Country: U.S.A.
Genre(s):
Propaganda
Director: Robert J.
Flaherty
Cast: Joseph
Bordeaux / Lionel Le Blanc / E. Bienvenu
Plot
A Cajun boy is
fascinated by the arrival of an oil rig on his family’s land.
What I Liked
Hired by Standard Oil
to create a film depicting a beneficial relationship between the oil company
and the Louisiana swamplands, director Robert Flaherty intended to capture the
unique beauties of both machine and nature in “Louisiana Story,” but succeeded
much more successfully at the nature portion than he did at the machine
portion. From the opening shot forward,
Flaherty successfully imbues the swamps with an otherworldly lushness, capturing
a sort of dark wonderland promising adventure, danger, and fantasy around every
bend.
The impact of the enchanted
marshes is most impressive in the film’s beginning (though it never goes away
completely) and is greatly accentuated by Virgil Thompson’s Pulitzer Prize
winning score. Of course it is typically
the case that the score lends mood to a film; that’s why the score is
there. However the music in “Louisiana
Story” endows many of the animals and machinery alike with unique
personalities. Because these
personifications are indispensable to both the intentions and the beauty of the
film and because that beauty substitutes for the lack of a conventional
storyline, the film’s score is really as much the story as the pictures. Without it, “Louisiana Story” would have been
an incredibly ineffective film.
What I Disliked
Flaherty is often
referred to as the father of documentary filmmaking. However, looking back at this film from the
vantage point of more than sixty years, there is clearly no alternative but to
really consider “Louisiana Story,” his last significant work, as
propaganda. Funded by Standard Oil and
giving a ridiculously biased and romanticized portrayal of oil drilling’s
effects on the environment; the movie is certainly not historically or
scientifically accurate.
Nor is it factually
accurate concerning the family it claims to depict. As was the case with most of his productions,
Flaherty created a fictional story and passed it off as documentary. The Cajuns depicted in the film were indeed
local people, but were cast in fictional roles.

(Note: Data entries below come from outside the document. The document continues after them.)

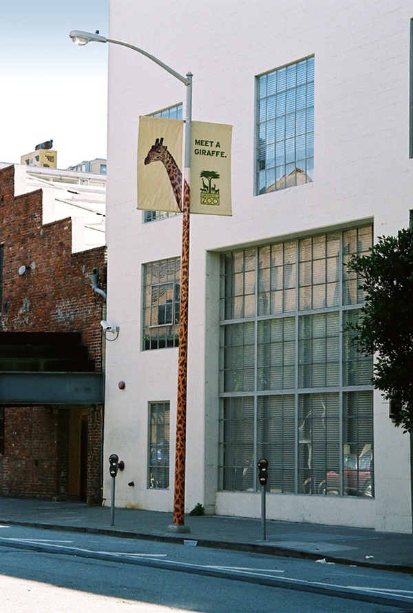 The other kind is the cool kind of stickers that we many times don’t fully appreciate until we’re adults. Examples of this kind include these Star Wars Family Car Stickers and this Sticker Art created with thousands of colored dot stickers. Yesterday when I was checking out some different ads for zoos online, I found this “Meet A Giraffe” sticker ad (below) placed on a streetlight, which advertised the San Francisco Zoo.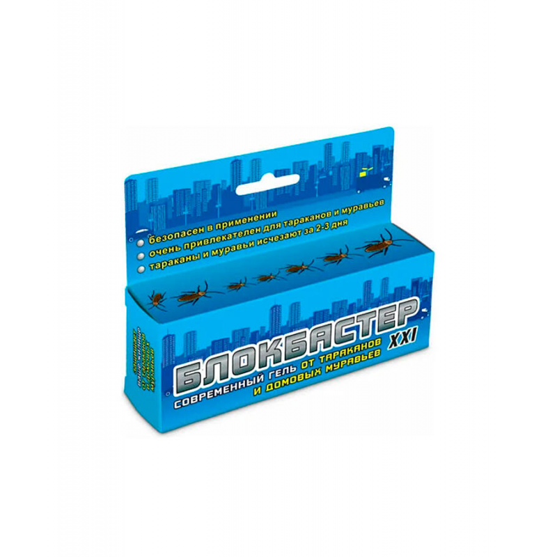Гель БЛОКБАСТЕР от тараканов — это высокоэффективное средство с уникальным 'каскадным' действием. Даже один таракан, съевший приманку, передает смертельную дозу яда до 50 сородичам, обеспечивая массовое уничтожение колонии. В состав входят специальные привлекатели, которые делают гель более желанным для насекомых, чем обычная пища. Средство не высыхает, не портится и сохраняет эффективность длительное время. Оно бесцветно, не имеет запаха, не выделяет вредных веществ и безопасно для аллергиков и астматиков. Добавка 'битрекс' защищает домашних животных от случайного поедания. Один шприц-дозатор (45 г) рассчитан на обработку помещений площадью 70–100 м², гель легко наносится в труднодоступные места.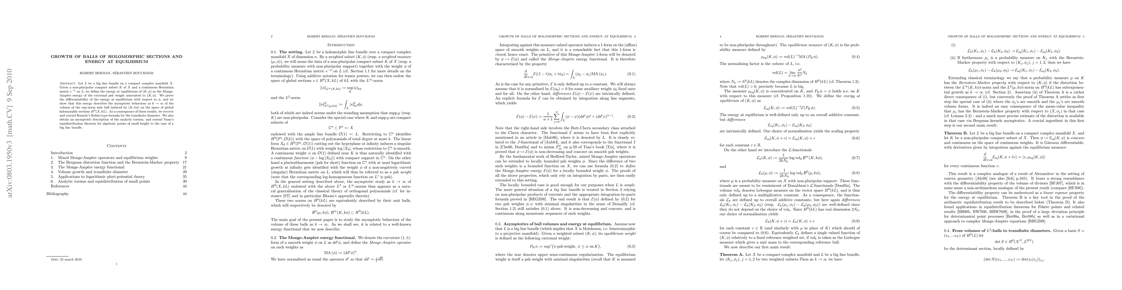 Let X be a compact complex manifold endowed with a big line bundle L. We define the energy at equilibrium of a weighted subset as the Monge-Ampere energy of the associated extremal plurisubharmonic weight. We prove the differentiability of the energy at equilibrium with respect to the weight, and show that this energy describes the asymptotic behaviour as k goes to infinity of the volume of the induced sup-norm unit ball in the space of global sections of kL. As a consequence of these results, we extend Rumely's Robin-type formula for the transfinite diameter. We also obtain an asymptotic description of the analytic torsion and extend Yuan's equidistribution theorem for algebraic points of small height to the case of a big line bundle.

They were strangers, not members of the same family, and did not own the
land on which the oil rig was built. Flaherty
hired them to portray a version of Cajun life he imagined would play well to
his audience and set them up in staged sequences to tell his story.
Most Memorable Scene
Staged or not, one of
the scenes in the film is frightfully dramatic.
When the main character believes an alligator has eaten his pet raccoon, he sets out after the beast, subsequently trapping it and trying to pull it up
onto the muddy banks. At least portions
of this scene were shot with a real alligator, and the tug-of-war that ensues
definitely makes for some white-knuckle suspense.